How does your brain learn ?

This chapter covers the second tribe of the five tribes mentioned in the book. This tribe is called "Connectionists". Connectionists are highly critical about the way Symbolists work as they think that describing something via a set of rules is just the tip of iceberg. There is lot more going under the surface that formal reasoning can’t see. Let’s say you come across the word "love", Symbolists would associate a rule with such a concept whereas Connectionists would associate various parts of the brain to such a concept. In a sense, there is no one to one correspondence between a concept and a symbol. Instead the correspondence is many to many. Each concept is represented by many neurons, and each neuron participates in representing many different concepts. Hebb’s rule is the corner stone of connectionists. In a non-math way, it says that "Neurons that fire together stay together". The other big difference between Symbolists and Connectionists is that the former tribe believes in sequential processing whereas the latter tribe believes in parallel processing.

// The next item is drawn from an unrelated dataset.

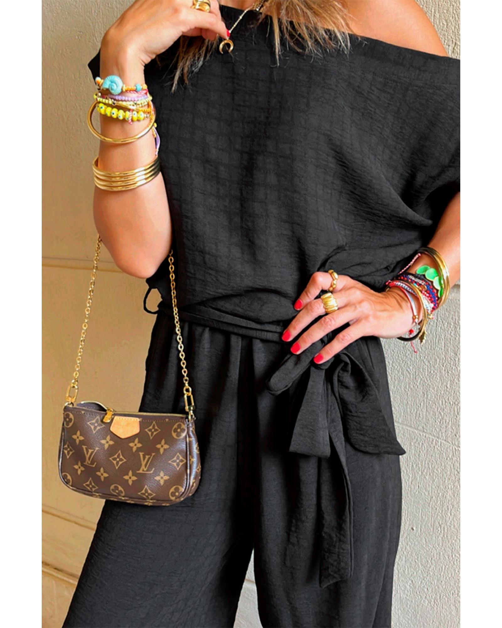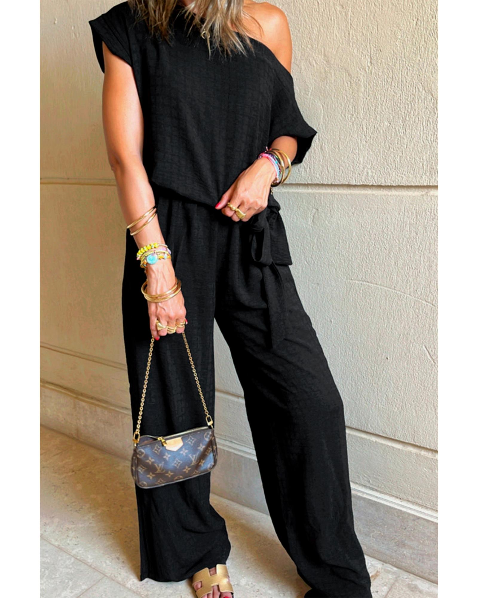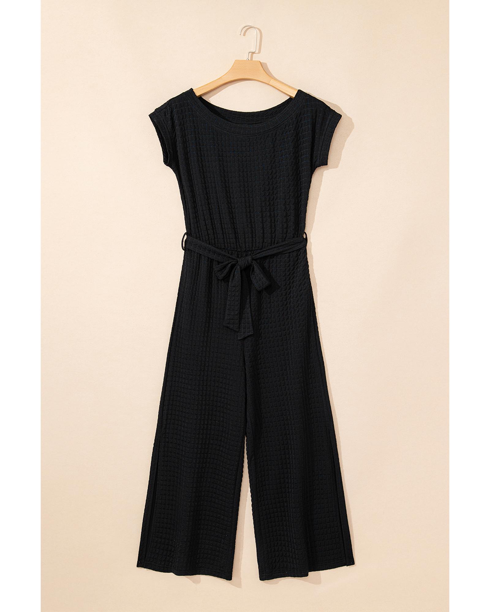 Black Checkered Mesh One Shoulder Short Sleeve Knotted Waist Jumpsuit – XL

To get some basic understanding of the key algos used by connectionists, it is better to have a bit of understanding of the way neuron is structured in our brain. Here is a visual that I picked up from the author’s presentation :

neuron

The branches of the neuron connect to others via synapses and basic learning takes place via synaptic connections. The first formal model of a neuron was proposed by Warren McCulloch and Walter Pitts in 1943. It looked a lot like the logic gates computers are made of. The problem with this model was that the model did not learn. It was Frank Rosenblatt who came up with the first model of learning by giving variable weights to the connections between neurons. The following is a good schematic diagram of the perceptron:

perceptron

This model generated a lot of excitement and ML received a lot of funding for various research projects. However this excitement was short lived. Marvin Minsky and few others published many examples where perceptron failed to learn. One of the most simple and dangerous example that perceptron could not learn was XOR operator. Perceptron was mathematically unimpeachable, searing in its clarity, and disastrous in its effects. Machine learning at the time was associated mainly with neural networks, and most researchers (not to mention funders) concluded that the only way to build an intelligent system was to explicitly program it. For the next fifteen years, knowledge engineering would hold center stage, and machine learning seemed to have been consigned to the ash heap of history.

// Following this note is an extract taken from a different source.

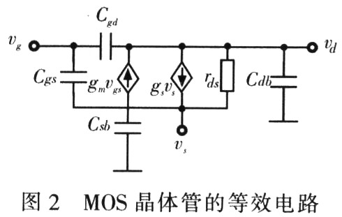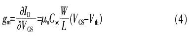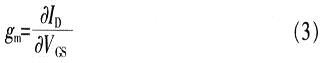 通過式(2)得到如圖2所示的MOS晶體管等效電路,其中壓控電流源gmVgs是模型中最重要的部分,晶體管的跨導gm定義為:

Fast forward to John Hopfield work on spin glasses, there was a reincarnation of perceptron

Hopfield noticed an interesting similarity between spin glasses and neural networks: an electron’s spin responds to the behavior of its neighbors much like a neuron does. In the electron’s case, it flips up if the weighted sum of the neighbors exceeds a threshold and flips (or
stays) down otherwise. Inspired by this, he defined a type of neural network that evolves over time in the same way that a spin glass does and postulated that the network’s minimum energy states are its memories. Each such state has a "basin of attraction" of initial states that converge to it, and in this way the network can do pattern recognition: for example, if one of the memories is the pattern of black-and-white pixels formed by the digit nine and the network sees a distorted nine, it will converge to the "ideal" one and thereby recognize it. Suddenly, a vast body of physical theory was applicable to machine learning, and a flood of statistical physicists poured into the field, helping it break out of the local minimum it had been stuck in.

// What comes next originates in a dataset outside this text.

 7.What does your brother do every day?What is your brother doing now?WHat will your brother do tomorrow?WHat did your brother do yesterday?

The author goes on to describe "Sigmoid" function and its ubiquitous nature. If you think about the curve for sometime, you will find it everywhere. I think the first time I came across this function was in Charles Handy’s book, "The Age of Paradox". Sigmoid functions in that book are used to describe various types of phenomenon that show an exponential slow rate of increase in the beginning, then a sudden explosive rate of increase and subsequently with an exponential rate of decrease. Basically if you take the first derivative of the Sigmoid function, you get the classic bell curve. I think the book,"The Age of Paradox" had a chapter with some heavy management gyan that went something like – "you need to create another Sigmoid curve in your life before the older Sigmoid curve starts a downfall" or something to that effect. I don’t quite recollect the exact idea from Charles Handy’s book, but there is a blog post by Bret Simmons, titled The Road to Davy’s Bar that goes in to related details.

Well, in the context of ML, the application of Sigmoid curve is more practical. It can be used to replace the step function and suddenly things become more tractable. A single neuron can learn a straight line but a set of neurons, i.e multi-layer perceptron can learn more convoluted curves. Agreed there is a curse of dimensionality here, but if you think about it, the hyperspace explosion is a double edged sword. On the one hand, there objective function is far more wiggly but on the other hand, there is a less scope that you will stuck at a local minimum via gradient search methods. With this Sigmoid input and multi layer tweak, Perceptron came back with vengeance. There was a ton of excitement just like the time when perceptron was introduced. The algorithm by which the learning takes place is called "back propagation", a term that is analogous to how human brains work. This algo was invented by David Rumelhart in 1986. It is a variant of gradient descent method. There is no mathematical proof that Back propagation will find the global minimum/maximum, though. The backprop solves what the author calls "credit assignment" problem. In a multi-layered perceptron the error between the target value and the current value needs to be propagated across all layers backward. The basic idea of error propagation, i.e error assignment for each of the layers is done via backprop.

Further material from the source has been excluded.